Leveraging NATS and OpenTelemetry in u-bmc for Enhanced Data Center Operations

Main Room,

Historically BMC firmware always needed special care by DevOps and SREs but does that have to be the case? In this talk we will explore a way to turn your data centers BMCs into yet another software component and demystify the whole management stack of modern server hardware.

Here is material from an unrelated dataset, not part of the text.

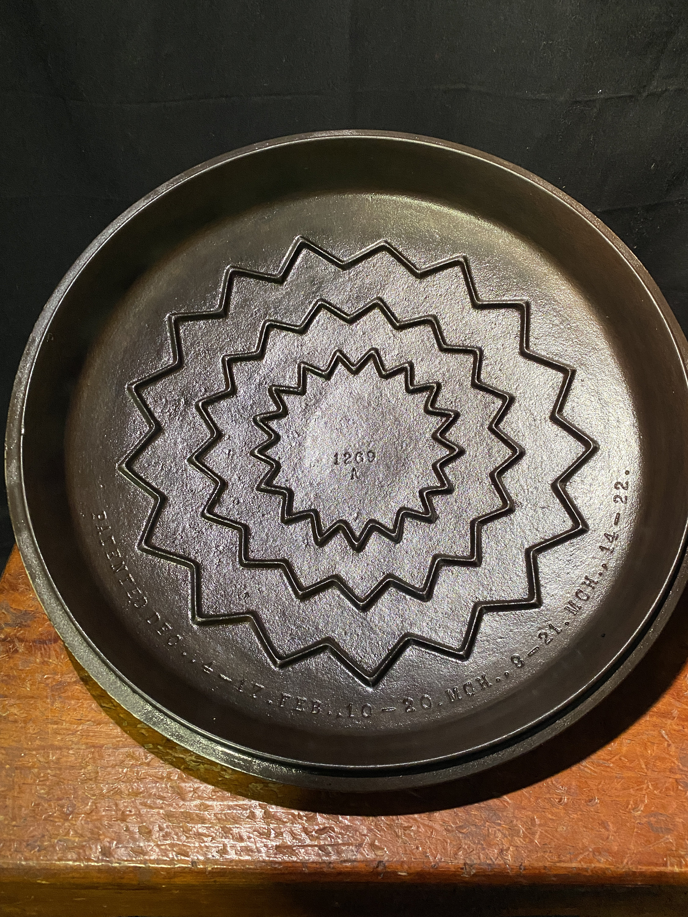 The lid is just spectacular. The inside of the lid reads "1269 A" and "PATENTED DEC..4-17. FEB..10-20. MCH.. 8-26. MCH.. 14-22."

This talk will cover new design decisions made in u-bmc which aim to cover common shortcomings looking at server management not from an OxM or manufacturer perspective but rather from an end users of such stacks which often are data center DevOps and SREs. We will cover the development that happened in u-bmc since the last talk at OSFC 2022 and how NATS and OpenTelemetry, two technologies alien to average embedded systems, can play a role in current and futures data center management and monitoring at scale. While NATS is more known from high speed trading systems, deployed in Nascar telemetry systems or used by the Matrix chat servers, it showed properties that made it an ideal choice for connecting embedded systems like BMCs inside a larger installation. And while Redfish is a great standard to cover hardware management capabilities it feels very different from how regular cloud workloads are monitored. By adding OpenTelemetry monitoring capabilities into the BMC firmware it turns the BMC and therefore the servers hardware into yet another service to monitor from an SREs point of view.